TinyColor has several color combination functions for getting various pallets from a base color, with:
analogous, monochromatic, splitcomplement, triad, tetrad, and complement
The getters and setters in tiny color use the "get", "set", or "to" naming convention, whereas the more common javascript convention is to get when no parameters are provided, and set when a parameter is provided.
The scale API of Chroma is particularly robust and makes Chroma stand out in regards to creating color pallets and visualizations. With the scale API you define a custom scale to match your data set, and define stop points to create hard points when you want the color to change on a threshold. It also supports non linear scales like log, k-means, and quantiles.
Chroma is unique in its support for more advanced color spaces like LAB and HCL which can create more natural looking color spaces than the standard RGB and HSL variant.
Chroma has a relatively limited set of color manipulation methods, containing: 'alpha', 'darken', 'brighten', 'saturate', 'desaturate', and 'luminance', but missing important methods like hue manipulation, whiteness, greyscale, and negation.

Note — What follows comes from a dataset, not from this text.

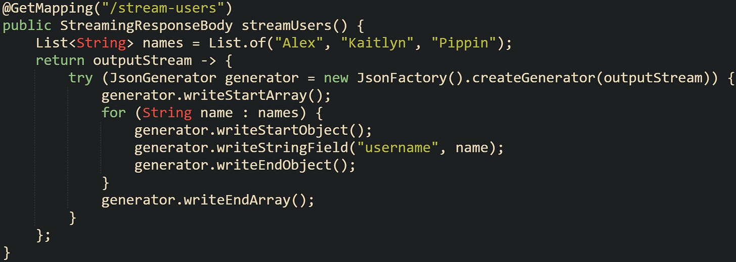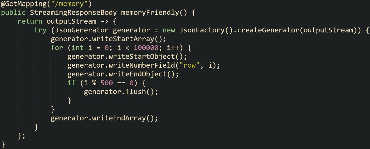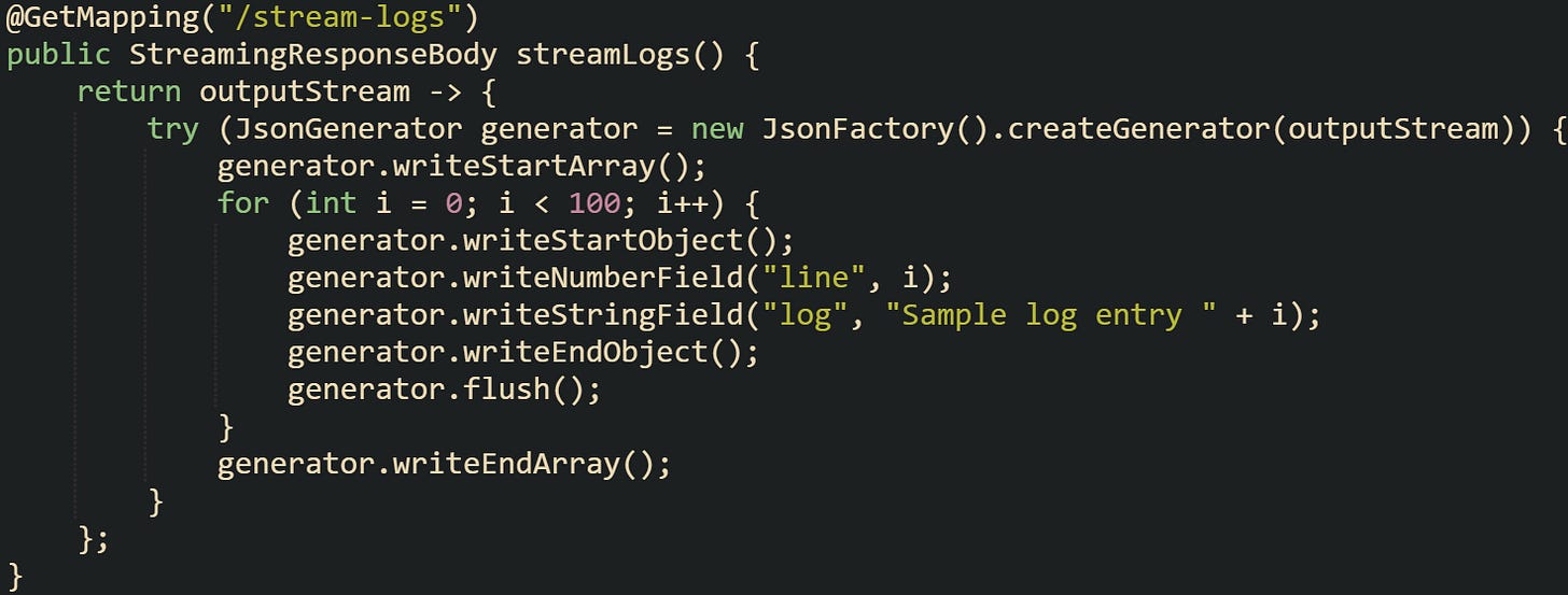 is the most direct way to stream JSON in a Spring Boot application. It accepts a lambda or functional interface that writes bytes to the HTTP response. Inside that block, you can use Jackson’s JsonGenerator

Color.js has one of the most complete sets of color manipulation methods, with methods for directly setting each value in all its supported color spaces of rgb, hsl, hsv, hwb, and cmyk, so you can set the following directly:
alpha, red, green, blue, hue, saturation (hsl), saturationv (hsv), lightness, whiteness, blackness, cyan, magenta, yellow, black
It also has many relative manipulation methods with:
blacken, clearer, darken, desaturate, greyscale, lighten, negate, opaquer, rotate, saturate, and whiten.
Color.js has CMYK support which most other color libraries don't have. While not necessary for everyone, CMYK can come in handy if you are doing any kinds of color manipulations that need to take print into account.